Wells Fargo Securities noted that the stock has limited downside risk, as the outlook is conservative and “the opportunity for a major flop in 2021 is limited.” The firm rates TTWO overweight with a $235 price target.

Overall, this was a very solid quarter for the company," said Jim Cramer and the Action Alerts PLUS team, which holds Take-Two in its portfolio.

"Guidance wasn't as strong as expected, but we reiterate that this is a team known to be conservative, and coming out of the pandemic it makes more sense than ever to underpromise given the uncertainty relating to engagement and therefore in-game purchase activity as the world reopens," the AAP team added.

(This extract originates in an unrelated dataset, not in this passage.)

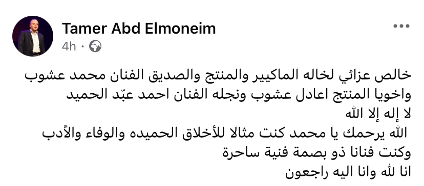 "صاحب بصمة فنية ساحرة".. نجوم الفن ينعون الماكيير محمد عبد الحميد بكلمات مؤثرة

Analysts at Benchmark said Take-Two stock is trading at a compelling entry point for long-term growth investors. The investment firm has a buy rating and $250 target on Take-Two.

Credit Suisse increased its price target on Take-Two to $205 from $204 and affirmed a neutral rating on the stock. Credit Suisse analysts said they "recalibrated their release-slate assumptions" for Take-Two.

The company has guided to 21 total titles in fiscal 2022 and more than 40 in fiscal 2023/fiscal 2024, implying a new cadence of more than 20 titles a year.

Barclays analysts said, "We think there is significant upside to both the bookings and EPS guide." Barclays maintained its overweight rating and price target of $230.